Soziokulturelles Zentrum Klösterchen: Erinnern, mahnen und handeln- ein untrennbarer Dreischritt

Filmvorführung am 30. Januar 2020, 19.30 Uhr, Dahlemer Str. 28

In unmittelbarer terminlicher Nähe des Internationalen Tages des Gedenkens an die Opfer des Holocaust, der am 27. Januar begangen wird, haben sich das "Soziokulturelles Zentrum Klösterchen", der Arbeitskreis "Wege gegen das Vergessen" der Stadt Herzogenrath, sowie das Evangelische Erwachsenenbildungswerk im Kirchenkreis Aachen erneut zusammen getan.

Gemeinsam laden sie am Donnerstag, 30. Januar um 19.30 Uhr zum Kinodokumentarfilm "Wir sind Juden aus Breslau" ins Kulturhaus an der Dahlemerstraße 28 in Herzogenrath ein.
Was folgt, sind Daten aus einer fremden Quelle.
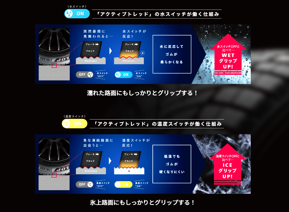 最大の特徴として路面状態に合わせてタイヤ自らが適した性能に変化する
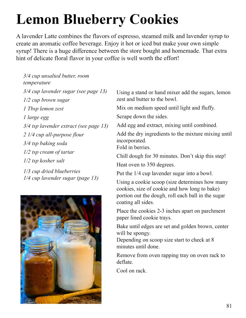The book presents 48 delicious recipes all featuring lavender, from basic pantry essentials, sweets and treats, starters and sides, savory dinners, and more. Each recipe is accompanied by mouth-watering photos by award winning photographer Robert Ketcham.
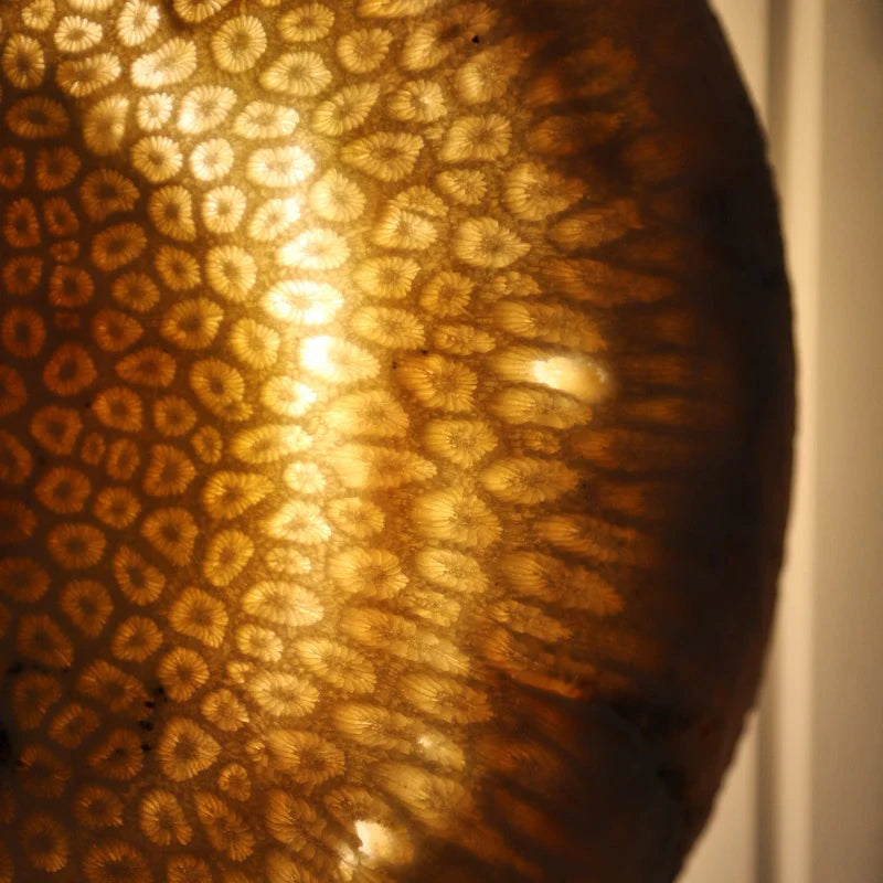 Discover Marovo Island Traders' Fossil Coral Moon Wall Light, a homage to nature's serene beauty. Made from Fossil Coral, a unique natural stone formed over millions of years, these wall lights bring a touch of rustic elegance to any space. Marovo sustainably sources only the finest Fossil Coral from the Solomon Islands to ensure nature's craftsmanship shines through with every piece. Each wall light showcases variations of the stone's authentic character for a truly organic addition. Beyond its aesthetics, Fossil Coral is a reminder of the planet's fascinating geological history, once a part of ancient coral reefs, now fossilised. The collection speaks to the authenticity of coastal living, illuminating your surroundings with a warm inviting glow.

Noch einmal historisch in das Jahr 1933 und danach zurückzublättern, schien den Veranstaltern nach einem Angebot der Regisseurin Karin Kaper aus Berlin, die auch nach dem Film zum Gespräch bereit steht, dringend geboten, da auch so ein eindrückliches Zeichen gegen stärker werdende nationalistische und antisemitische Strömungen in Europa gesetzt werden kann. Außerdem zeigt der Film aus geschichtlicher Perpsktive auf, wohin eine katastrophale Abschottungspolitik gegenüber Flüchtlingen führt. Schließlich setzt der Streifen anhand der Lebensschicksale der Protagonisten auch die Gründung des Staates Israel mit den Erfahrungen des Holocaust in unmittelbare Beziehung. Zum Inhalt des Films, der am 6.11.2016 im polnischen Wroclaw Premiere feierte und seither mit vielen Filmpreisen ausgezeichnet wurde: Die Zeitzeugen waren damals jung, blickten erwartungsfroh in die Zukunft und fühlten sich in Breslau, der Stadt mit der damals in Deutschland drittgrößten jüdischen Gemeinde gut beheimatet und aufgehoben. Dann kam Hitler an die Macht und ab diesem Zeitpunkt verbindet diese damals Heranwachsenden das gemeinsame Schicksal der Verfolgung durch Nazi-Deutschland als Juden: Manche von ihnen mußten fliehen oder ins Exil gehen und einige überlebten später gar das Konzentrationslager Auschwitz. Der Heimat endgültig beraubt, entkamen sie in alle rettenden Himmelsrichtungen und bauten sich in den USA, England, Frankreich und selbst auch in Deutschland ein neues Leben auf. Nicht wenige haben bei der Gründung und dem Aufbau Israels wesentlich mitgewirkt. 14 Zeitzeugen stehen im Mittelpunkt des Dokumentarfilms und erinnern nicht nur an vergangene jüdische Lebenswelten in Breslau. Ihre späteren Erfahrungen veranschaulichen eindrücklich ein facettenreiches Generationenportrait. Einige von ihnen nehmen sogar den Weg in die frühere Heimat auf sich und reisen ins heutige polnische Wroclaw, wo sie einer deutsch-polnischen Jugendgruppe begegnen. Gerade in Zeiten des zunehmenden Antisemitismus in weiten Teilen Europas schlägt der Film eine emotionale Brücke von der Vergangenheit in eine von uns allen verantwortlich zu gestaltende Zukunft.

Ein Eintritt wird für dieses lebendige Zeitzeugnis bewusst nicht erhoben, wobei gerne Spenden für die Antirassismusarbeit im Klösterchen gegeben werden dürfen.

Am Morgen des 31.1. schließlich wird der Film einem großen Auditorium in der Aula des Schulzentrums Herzogenrath allerdings als schulinterne Veranstaltung im Rahmen der Kulturkooperation zwischen dem Klösterchen und dem Gymnasium Herzogenrath gezeigt.